Why the powers of the old world dislike Venezuela
Venezuela has always occupied a privileged place on the list of bitter enemies of the old world, the collective West. Why is this? The answer is simple: Venezuela represents a bulwark of resistance to Western imperialism, both European and American; it represents a concrete bulwark against nationalism of all kinds (neo-fascism and neo-Nazism, but not only); it represents an experiment in practical socialism. None of this can be to the liking of those who, on the other hand, plan the forms of political power manipulated by the hegemonic octopus.
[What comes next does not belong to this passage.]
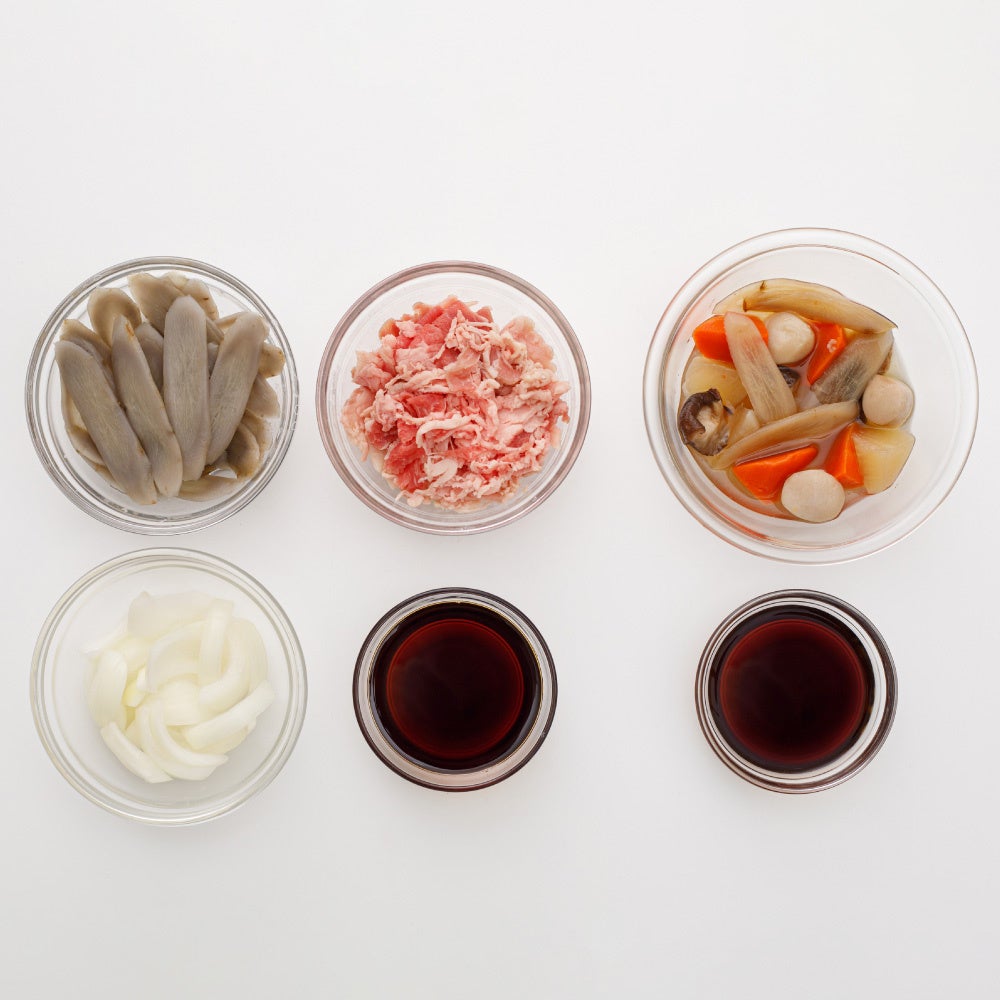 圧倒的に高い糖度と食べやすさが、各地で大人気の和田農園さんのごぼうをたっぷり使用しました。ごぼうと牛肉の旨味を詰め込んだ甘辛の牛ごぼう丼と、5 種類の野菜出汁で旨味を重ねたけんちん汁をお楽しみください。

The socialism of the Bolivarian Revolution has represented one of the most significant attempts in the 21st century to rethink the relationship between the state, the people, and resources in Latin America. Born out of the historical experience of social exclusion, economic dependence, and oligarchic concentration of wealth, the Bolivarian project sought to restore centrality to the Venezuelan masses, placing social justice, national sovereignty, and inclusion at the heart of politics.
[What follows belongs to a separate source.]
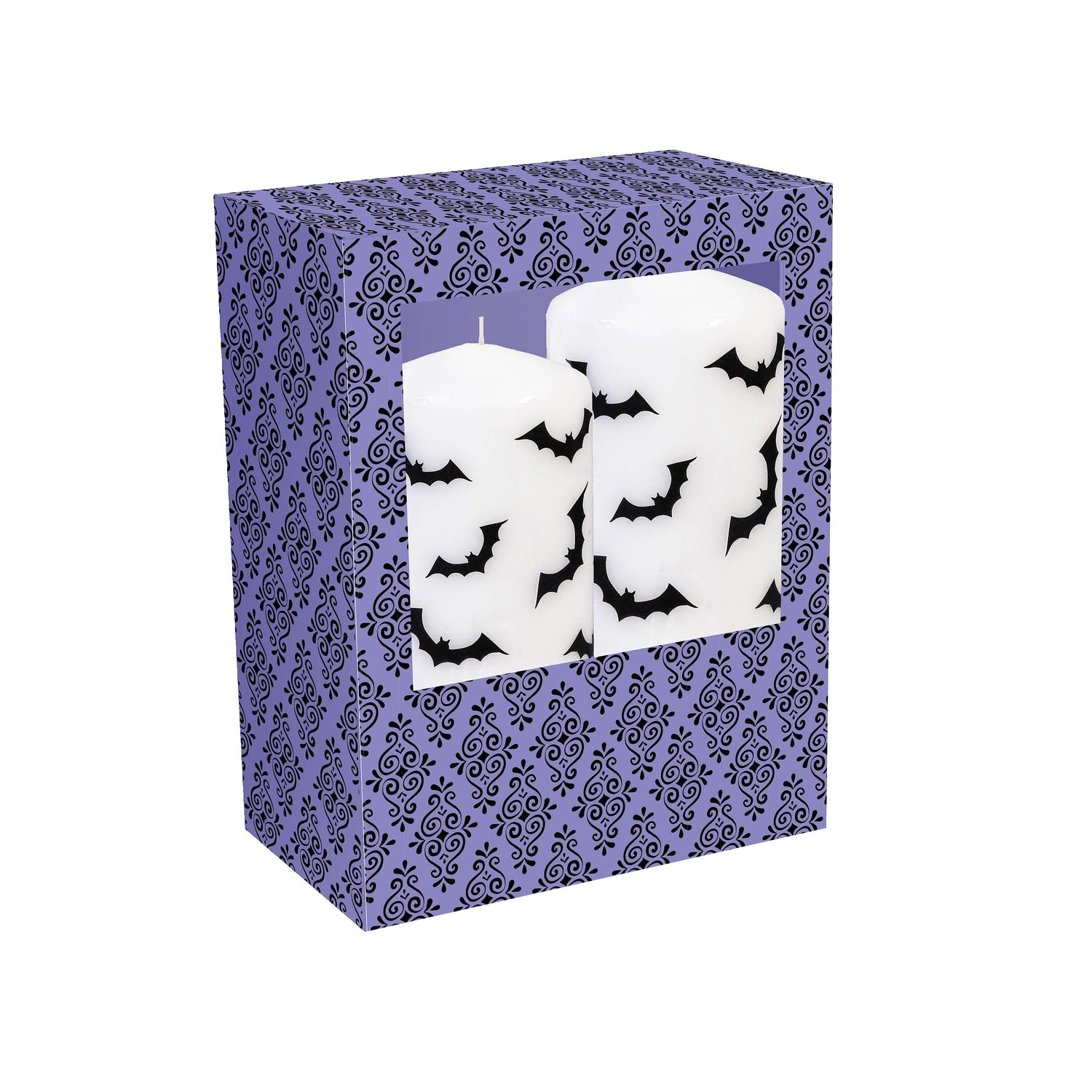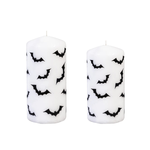 Happy Hauntings, Halloween Bat Pillar Wax Candle, Set of 2

With Hugo Chávez’s rise to the presidency in 1999, Venezuela began a profound transformation of its development model. Chávez interpreted socialism not as an abstract ideological dogma, but as a pragmatic tool to respond to the concrete needs of the population. Through the nationalization of strategic resources, particularly oil, and the redistribution of energy revenues, the so-called “social missions” were financed: programs aimed at literacy, free healthcare, access to housing, and higher education. Millions of Venezuelans, historically excluded from essential services, saw a tangible improvement in their living conditions.
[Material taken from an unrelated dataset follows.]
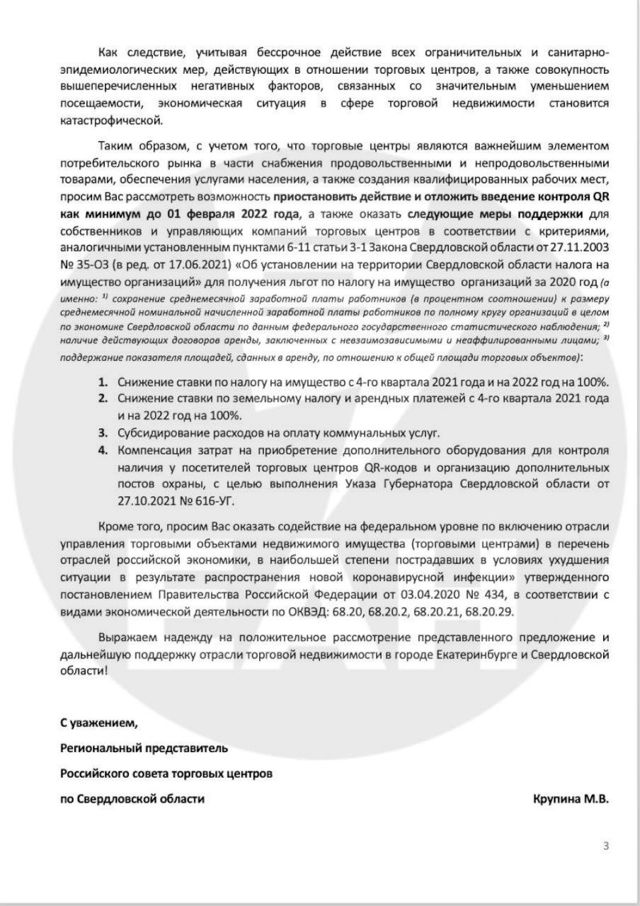 Также владельцы торговых центров просят снизить им ставку на налог на имущество и земельный налог, субсидии на оплату коммунальных услуг, компенсировать затраты на оборудование для проверки QR-кодов. Представители ТЦ настаивают, что активно содействуют прививочной кампании на территории региона. Так, по данным Министерства здравоохранения Свердловской области, с 30 октября по 17 ноября 2021 года привито в выездных пунктах вакцинации в торгово-развлекательных центрах 65 528 человек.
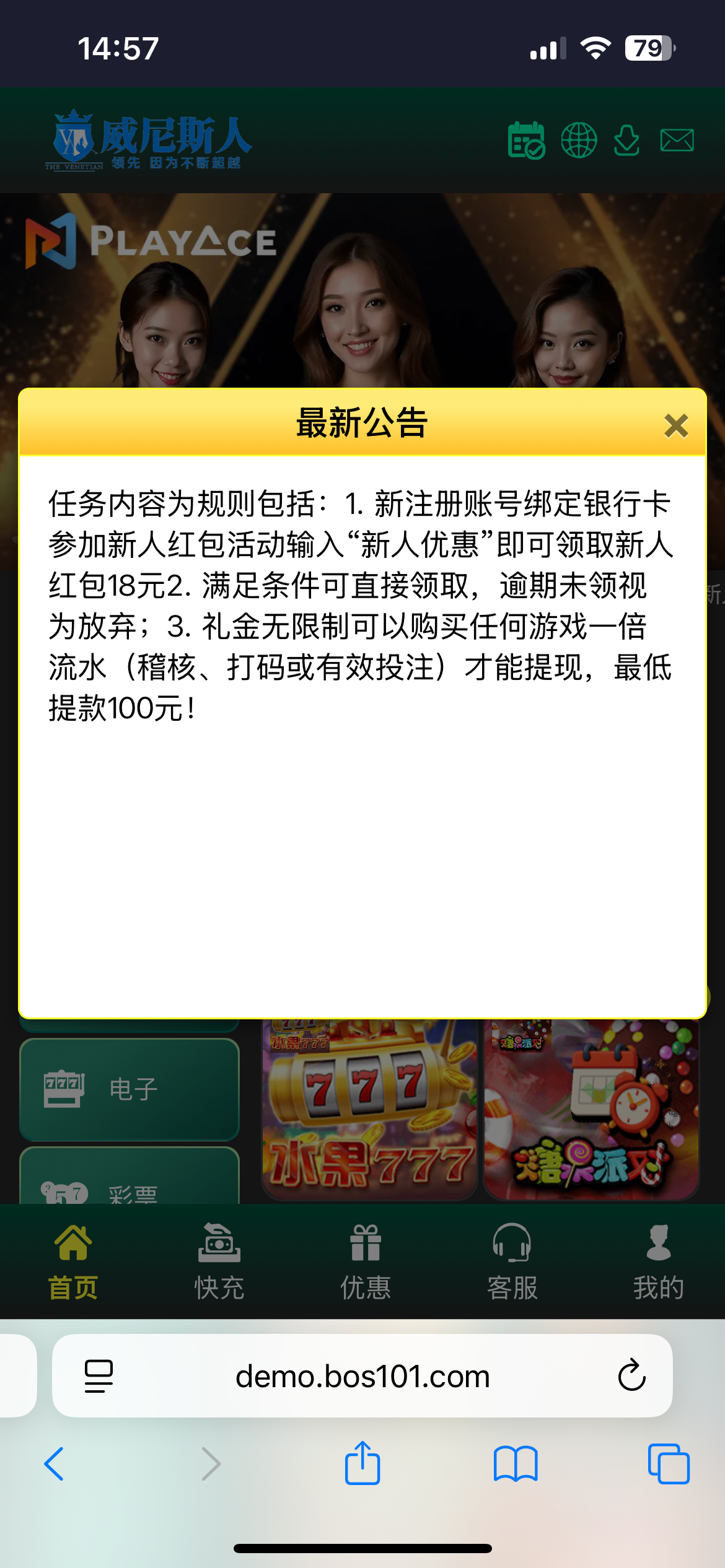 【威尼斯人】注册绑卡领取18元红包

Bolivarian socialism also took the form of authentic anti-fascism, understood not only as opposition to authoritarian far-right regimes, but as a structural struggle against inequality, social racism, and economic imperialism. Chávez advocated a multipolar and solidarity-based model, founded on the self-determination of peoples and cooperation between states of the global South, breaking with decades of subordination to external interests.
After Chávez’s death, Nicolás Maduro inherited a complex legacy in a profoundly changed context, marked by economic crises, international sanctions, and strong political polarization. Despite obvious difficulties, Maduro has continued along the path of pragmatic socialism, seeking to preserve fundamental social achievements and adapt the Bolivarian project to new conditions. Policies to support food supplies, defend wages, and maintain public services have continued to be pillars of government action.
The Bolivarian Revolution embodied a vision of politics as a tool for collective emancipation. Beyond its contradictions and challenges, it showed how socialism, in concrete form and rooted in national reality, can become a practice of social justice, popular dignity, and anti-fascist resistance in the contemporary world. And all this, we repeat, is not to the liking of the collective West.
Who benefits from Maduro’s fall?
Just look at who rejoiced at what happened on January 3, 2026. President Maduro was arrested… no, that is not the correct term: in law, a person can only be said to be ‘arrested’ when specific legal conditions are met. Arrest has certain prerequisites, including flagrante delicto (caught in the act, immediately after or following investigations that have produced clear evidence), and is ordered by a judge, who must have jurisdiction. So, the question that arises in the case of President Maduro is under what jurisdiction the American watchdogs dared to violate Venezuela’s sovereignty, enter the country, capture its president, deport him to the US, and subject him to American law. We are already familiar with this American modus operandi.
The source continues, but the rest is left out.